In the first few months, I was breastfeeding on demand, so there was no real pattern to his feeding times.  He tended to fall asleep as and when he needed it and we sort of fell into a regular daytime routine led by William.  This worked fine for us.  I was, and still am, a great believer in following the baby/child’s cues and not pushing them into anything before they are ready.

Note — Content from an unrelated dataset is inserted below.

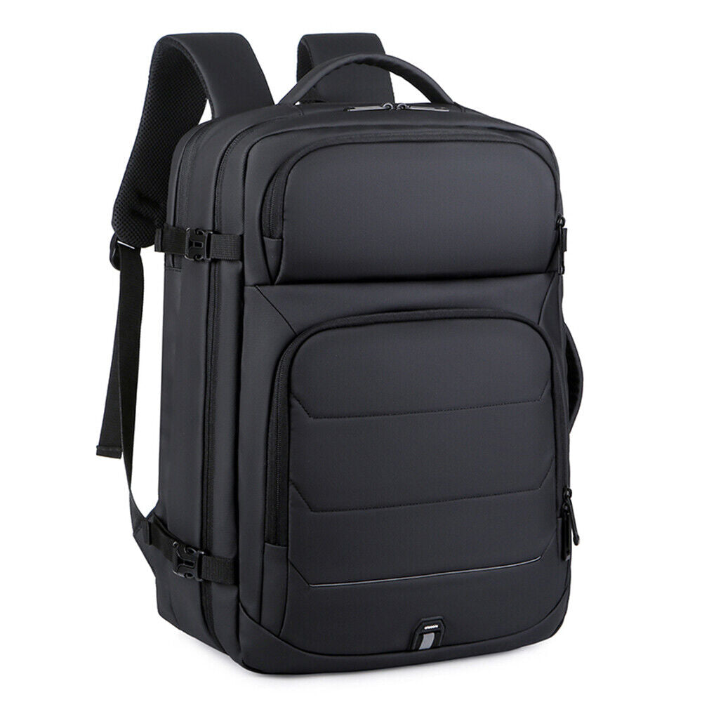 ![]() 50L Expandable Travel Backpack TSA Flight Approved Laptop Backpack Weekender School Bag with USB Charging Port Features: 2.26-50L Expandable and Large Capacity:This extra large travel backpack with expandable feature offers you more packing capacity.Before expand,the carry on backpack size is:18x14x6.5 inch;after expand,size is 18x14x8 inch.Weight:1.9 Ib (900g) 3.Multi Compartment:The main compartment can hold your travel goods,fit 5-8pcs clothes;Front compartment can also hold magazines,Ipad and books and power bank which can charge your phone;17.3 inch laptop compartment with padded. 4.Durable Travel Backpack: The shoulder and handle joints are adopted bold line sewing to make it sturdier. The fabric is made of high density scratch resistant and water repellent polyester, and strengthens the key points of force, which provide more durable backpack with lockable zipper heads. 5.Dual Handles: The two thick handles are comfortable for long time carrying. A great companion for commuting, business trip, hiking, travel, camping and other outdoor activities. 6.Waterproof&USB Port:Selection of high quality water-repellent nylon and breathable, abrasion-resistant microfiber faux leather. Little rain or water drops will not penetrate the bag.This premium travel backpack provide USB charging port with built-in charging cable which is easily to charge your smart phone while you are traveling

We did have one problem though.  At three months old, we were still struggling to settle William at night, and found ourselves still pacing the floor for hours until he had dropped off.  I asked the advice of one of the breastfeeding counsellors, Pam, at the drop-in clinic I attended.  She told me that the key is to try to encourage your baby to settle himself to sleep and to put them down in their cot awake.  In order to try to crack this at night-time, she suggested I try this for one of his daytime naps instead, when I was not so tired and had more willpower!  Once I’d cracked this, I would then have the confidence to do the same at night.  It did involve allowing William to cry a bit which I found extremely difficult, but this only lasted a couple of days. 

She also stressed the importance of a good night-time routine, so that baby feels secure and is familiar with the actions leading up to bedtime: bath, massage, milk, and songs/story.  I also used to play the same calming music at a low volume whilst feeding William.

This bedtime routine still works really well for us, and he goes down for his daytime nap without any fuss (most of the time!).  I can even adapt the timing of either daytime or night-time naps to fit in with whatever we happen to be doing occasionally and because he knows it so well he adapts.

When I think back now to my Earth Mother days, when I pooh pooh-ed the idea of routines as being cruel and too strict, I was being daft really.  After all, human beings are creatures of routine.  We eat, sleep and work/play at roughly the same times of day, every day, so it seems crazy to think that babies don’t need the same structure to their day.  Sure, there are the odd days when it’s just not possible to keep within their usual routine and they adapt very well but I’m convinced a simple routine helps to ensure a baby feels secure and happy as they know exactly what to expect next.